(Records contained in a dataset)

=== Begin Enclosure ===

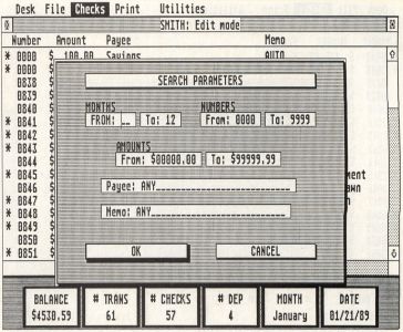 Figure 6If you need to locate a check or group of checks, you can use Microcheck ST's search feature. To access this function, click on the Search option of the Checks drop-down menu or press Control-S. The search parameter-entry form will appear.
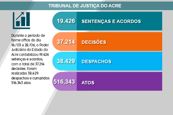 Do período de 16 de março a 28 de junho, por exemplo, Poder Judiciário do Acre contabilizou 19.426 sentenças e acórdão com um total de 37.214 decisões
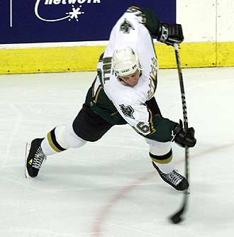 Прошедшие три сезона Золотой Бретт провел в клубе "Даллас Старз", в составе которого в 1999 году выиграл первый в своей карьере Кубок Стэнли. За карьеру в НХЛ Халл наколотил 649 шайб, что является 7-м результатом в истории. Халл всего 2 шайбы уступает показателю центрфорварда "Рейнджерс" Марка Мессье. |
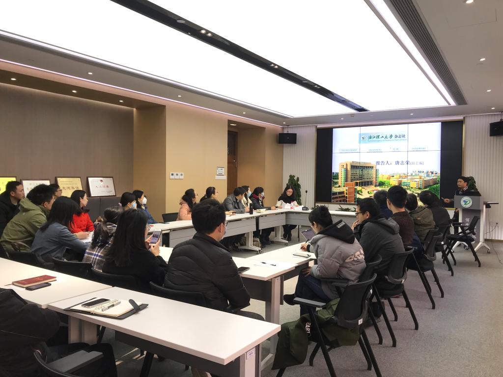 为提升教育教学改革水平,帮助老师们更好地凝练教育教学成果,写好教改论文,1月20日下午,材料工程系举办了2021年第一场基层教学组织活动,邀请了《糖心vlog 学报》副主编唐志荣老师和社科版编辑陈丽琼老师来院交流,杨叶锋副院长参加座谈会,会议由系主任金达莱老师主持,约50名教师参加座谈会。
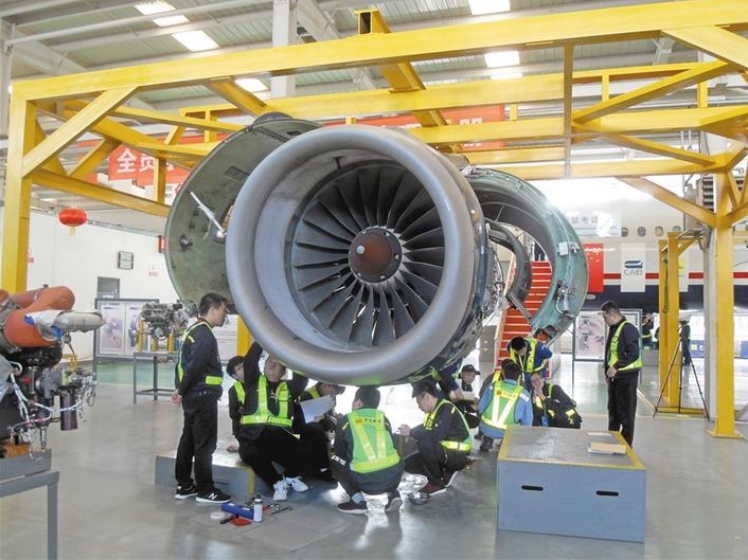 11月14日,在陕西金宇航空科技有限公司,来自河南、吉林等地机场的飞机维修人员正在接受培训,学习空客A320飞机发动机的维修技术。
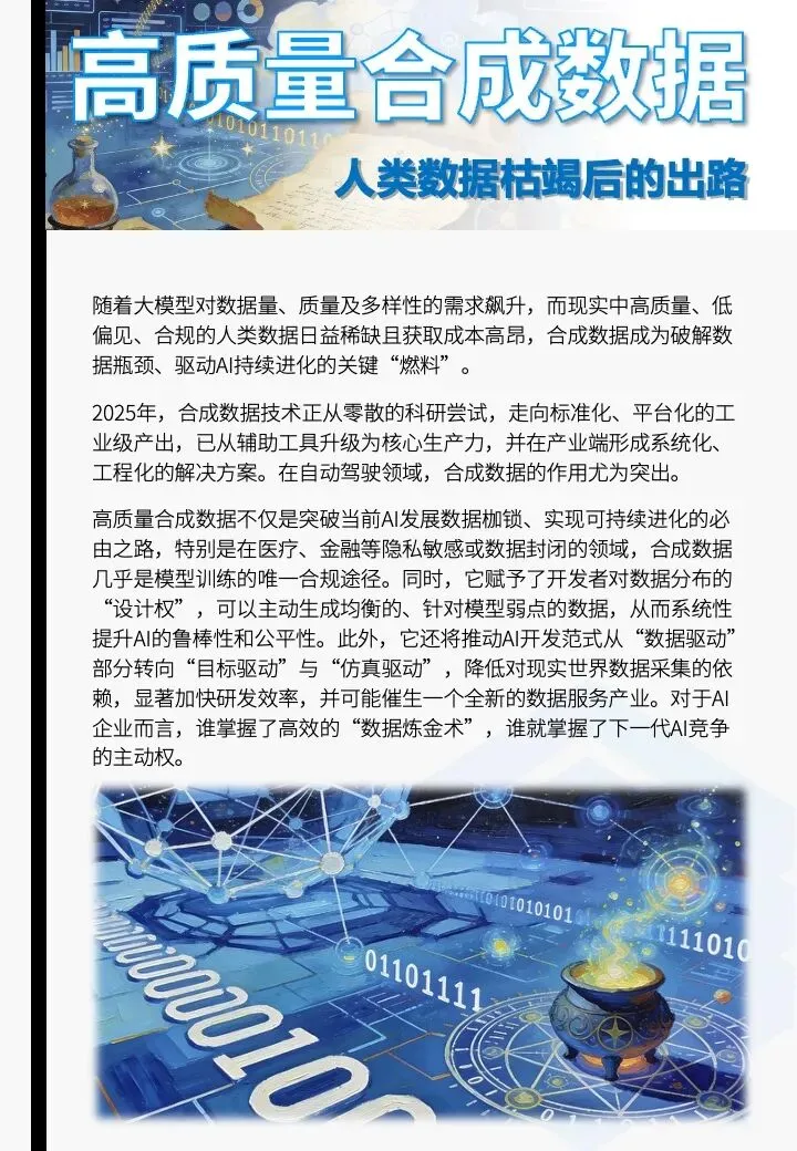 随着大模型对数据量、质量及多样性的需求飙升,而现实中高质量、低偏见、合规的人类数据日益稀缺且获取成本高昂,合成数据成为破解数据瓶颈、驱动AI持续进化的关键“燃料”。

=== End Enclosure ===

▶ DIRECTIONS
Pictures do not belong in the copy. Please reproduce the entries above exactly otherwise.

▶ YOUR SOLUTION
 Figure 6If you need to locate a check or group of checks, you can use Microcheck ST's search feature. To access this function, click on the Search option of the Checks drop-down menu or press Control-S. The search parameter-entry form will appear.
 Do período de 16 de março a 28 de junho, por exemplo, Poder Judiciário do Acre contabilizou 19.426 sentenças e acórdão com um total de 37.214 decisões
 Прошедшие три сезона Золотой Бретт провел в клубе "Даллас Старз", в составе которого в 1999 году выиграл первый в своей карьере Кубок Стэнли. За карьеру в НХЛ Халл наколотил 649 шайб, что является 7-м результатом в истории. Халл всего 2 шайбы уступает показателю центрфорварда "Рейнджерс" Марка Мессье. |
 为提升教育教学改革水平,帮助老师们更好地凝练教育教学成果,写好教改论文,1月20日下午,材料工程系举办了2021年第一场基层教学组织活动,邀请了《糖心vlog 学报》副主编唐志荣老师和社科版编辑陈丽琼老师来院交流,杨叶锋副院长参加座谈会,会议由系主任金达莱老师主持,约50名教师参加座谈会。
 11月14日,在陕西金宇航空科技有限公司,来自河南、吉林等地机场的飞机维修人员正在接受培训,学习空客A320飞机发动机的维修技术。
 随着大模型对数据量、质量及多样性的需求飙升,而现实中高质量、低偏见、合规的人类数据日益稀缺且获取成本高昂,合成数据成为破解数据瓶颈、驱动AI持续进化的关键“燃料”。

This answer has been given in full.